## TASK STATEMENT:
Going line by line through the records below, write out everything starting with the line containing "Pull Femme Rose Brodé À Fleurs Et Ruban" and going on through the line containing "唐狮2026秋冬季新款毛衣男高领净色肌理毛线衫打底毛衣时尚简约风", exactly and inclusively. Pictures do not go in.

## RECORDS FOR THE EXERCISE:
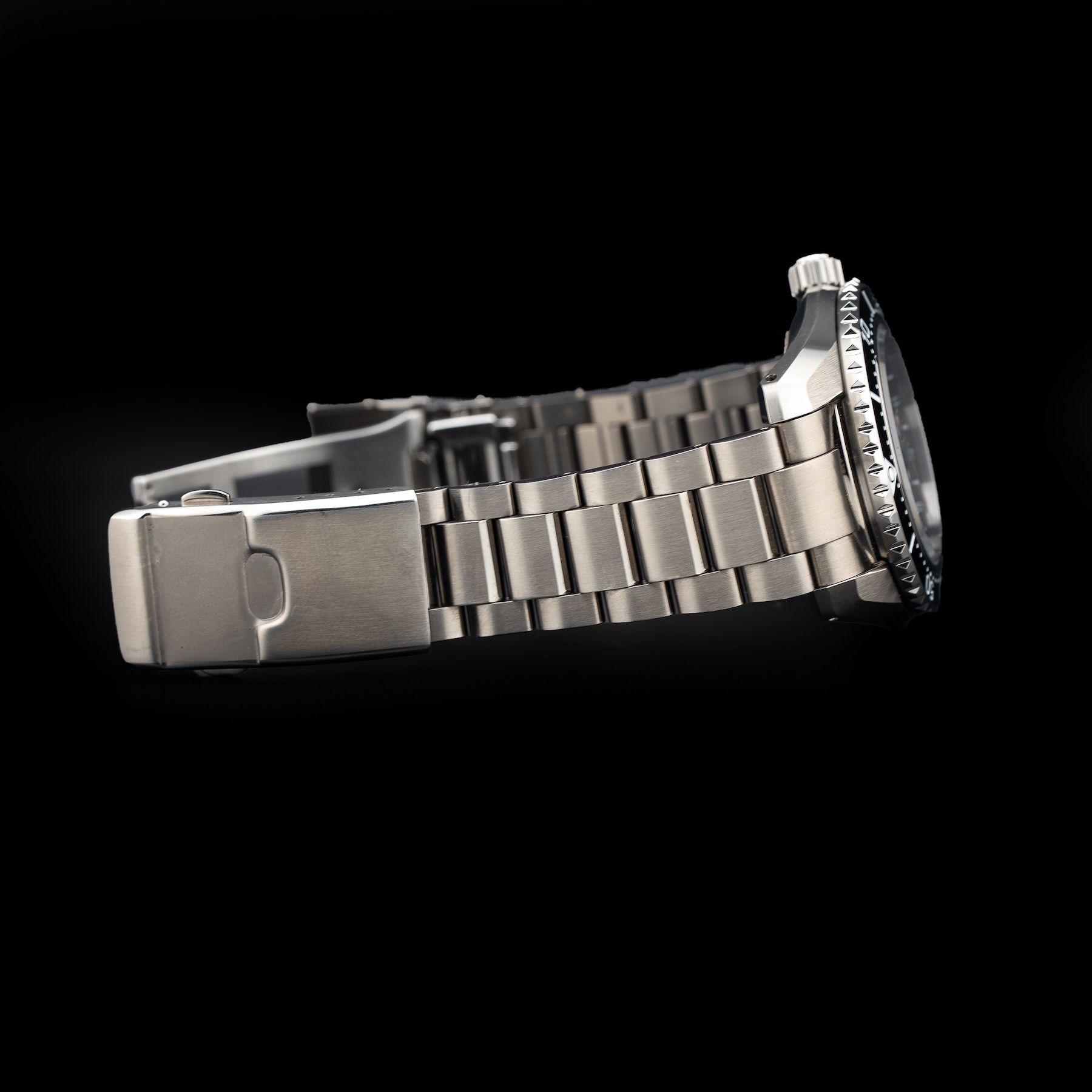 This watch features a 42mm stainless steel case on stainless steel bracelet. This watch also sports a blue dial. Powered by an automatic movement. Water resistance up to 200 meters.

--

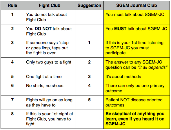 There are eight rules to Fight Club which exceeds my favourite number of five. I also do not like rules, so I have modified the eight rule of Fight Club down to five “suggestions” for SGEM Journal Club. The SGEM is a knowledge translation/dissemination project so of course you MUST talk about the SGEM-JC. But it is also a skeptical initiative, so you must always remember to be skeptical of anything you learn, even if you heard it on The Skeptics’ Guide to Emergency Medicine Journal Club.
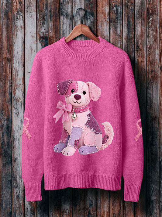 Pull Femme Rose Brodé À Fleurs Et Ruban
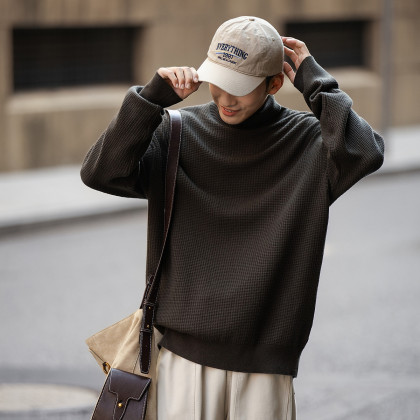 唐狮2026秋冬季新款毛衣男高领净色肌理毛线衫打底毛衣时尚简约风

## RESULT FOR THIS TASK:
 Pull Femme Rose Brodé À Fleurs Et Ruban
 唐狮2026秋冬季新款毛衣男高领净色肌理毛线衫打底毛衣时尚简约风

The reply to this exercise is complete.